All software development projects require two sets of skills: those pertaining to the various technologies (languages, frameworks and the like), and having a basic understanding of the concepts being modeled. The PGD is written in Python, and currently uses the Django framework to provide a web interface to a database containing protein sequences. Having experience with Django and Python is necessary, but not sufficient, because familiarity with protein structures is required to truly grok the PGD codebase.

One example from the PGD is Ramachandran plots. These plots help researchers identify secondary structures in proteins. Two of these structures -- alpha helices and beta strands -- were discovered by Linus Pauling OSU ‘22. Having covered these plots and their purpose in biochemistry class gave me a leg up on understanding the software used to generate the plots in the PGD.

Hold on tight, we're about to get seriously technical.

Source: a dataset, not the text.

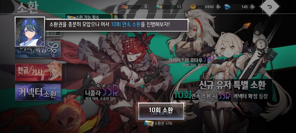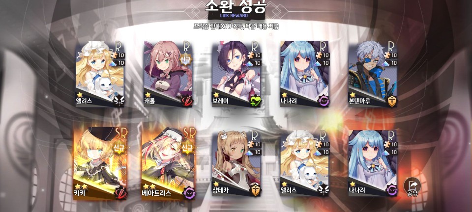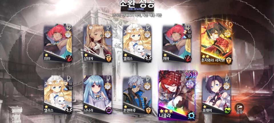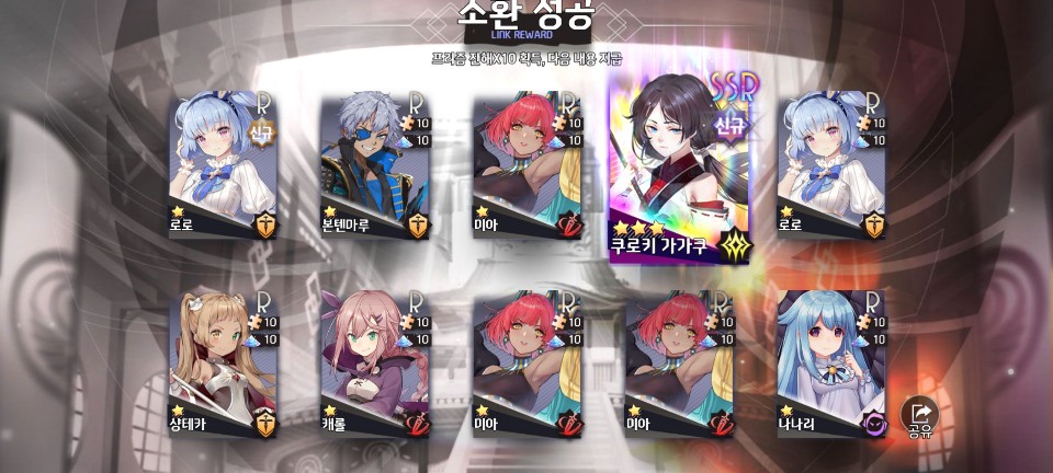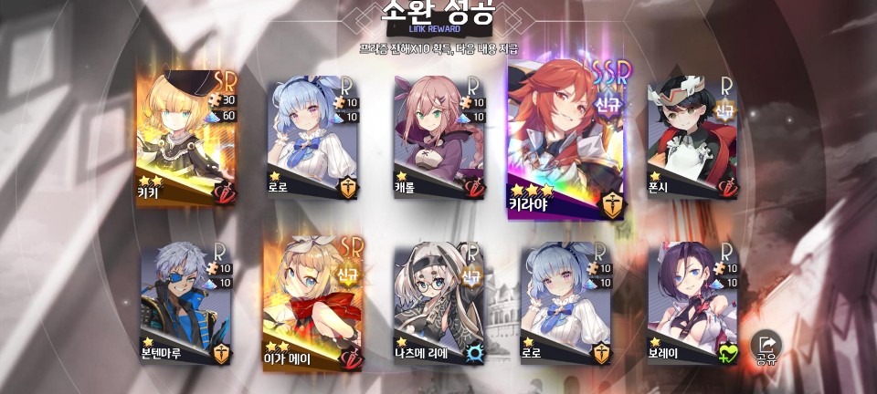 또 한 번 SSR급 미소녀를 목표로 10회 소환을 해봐야겠습니다.

The sequence of amino acid residues in polypeptide chains is the primary structure, while the interactions between nearby residues generates the secondary structure. Amino acids are the building blocks of proteins. They are composed of three groups surrounding a central carbon atom: an amine (-NH2) group, a carboxylic acid (-COOH) group, and a side chain. A peptide bond is formed between two amino acids when the amine group from one amino acid loses a hydrogen atom while the carboxylic group from another amino acid loses a hydroxide ion. The amino acid residues remain bonded while the hydrogen atom and hydroxide ion form a water molecule and are lost. The backbone of the polypeptide chain therefore consists of three atoms per residue: the nitrogen atom from the amine group, the central carbon atom, and the carbon atom from the carboxylic acid group. Bonds between these atoms have three dihedral angles associated with them: phi, psi, and omega. Phi and psi are heavily influenced by the side chains of the residues while omega is primarily influenced by the planarity of the peptide bond. For more information on the topic, download "Biochemistry Free & Easy" by Dr. Kevin Ahern and Dr. Indira Rajagopal at http://biochem.science.oregonstate.edu/biochemistry-free-and-easy. This was the textbook for my biochemistry class and is chock-full of Dr. Ahern's poetry and songs as well as the sort of information one has come to expect from high-quality college textbooks.